The collaboration saw Microsoft going through a trove of data — anonymized records of 1.1 million people — and provide doctors with insights into how the blindness spreads in the country, Anil Bhansali, Managing Director of Microsoft India (R&D), explained to Mashable India in a conversation.

Microsoft says it utilized Azure machine learning service to crunch the numbers and Power BI service to visualize those numbers to make sense out of them. These numbers helped the doctors, Microsoft says, to ascertain how much time a patient has before their eye issues extrapolate. 

Microsoft says after going through such voluminous data, its AI-platform was also able to predict how likely it is that doctors will be able to successfully perform eye surgeries. Though the company didn't share how accurate its projections have been, it said it is ready to expand the initiatives with other academic and research organizations. 

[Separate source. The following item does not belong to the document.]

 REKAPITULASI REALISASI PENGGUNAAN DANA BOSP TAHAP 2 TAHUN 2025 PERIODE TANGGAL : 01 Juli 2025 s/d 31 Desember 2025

Today the company announced it has partnered with Bascom Palmer - University of Miami, Flaum Eye Institute - University of Rochester (USA), Federal University of Sao Paulo (Brazil), and Brien Holden Vision Institute (Australia). 

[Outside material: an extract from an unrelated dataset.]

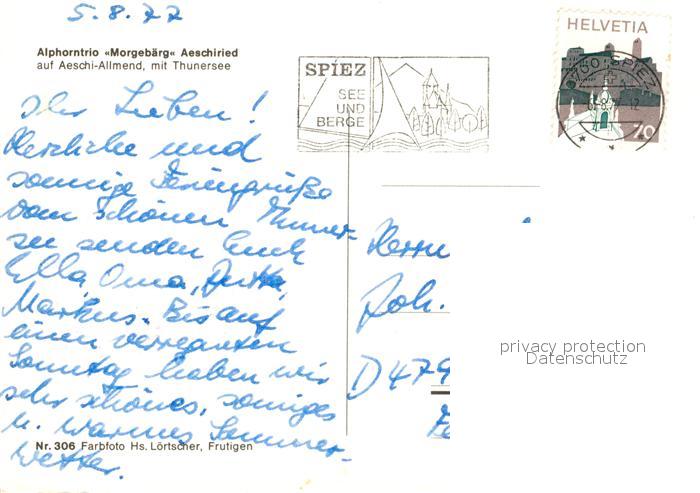 73485286 Alphorn Alphorntrio Morgeb?rg Aeschiried Thunersee K?he postalisch gelaufen Erhaltung siehe scans [PaolaD17] alte Postkarte Paol Katcode 22560000002800

As part of the partnership, Microsoft and institutes will closely work on the diverse datasets of patients across geographies to find predictive models for vision impairment and eye disease. 

Some of the issues that doctors and Microsoft would be working on include finding the rate of change of myopia in children and conditions that impact children's eyesight. They will also try to predict outcomes of refractive surgery and determine optimal surgery parameters for higher probability of success.

India accounts for nearly 55 million of the 285 million eye disease cases worldwide. Bhansali says it was one of the reasons why the company piloted the initiative in India. 

The company maintains several other AI-driven initiatives in India, such as digital agricultural applications, and its work with the Andhra Pradesh sate government to help identify students who are likely to drop out.

Microsoft isn't the only Silicon Valley giant trying to make use of its artificial intelligence platforms to better serve Indians, though. In July, for instance, Manipal Hospitals partnered with IBM Watson at six locations to provide information and insights to physicians to help them identify personalized, evidence-based cancer care options across India. 

IBM's Watson has gotten impressively accurate over the years. At the University of North Carolina School of Medicine, Watson was able to recommend the same treatment as human experts for cancer diagnosis 99 percent of the time. More interestingly, in 30 percent of the cases, Watson found treatment options that the doctors had missed.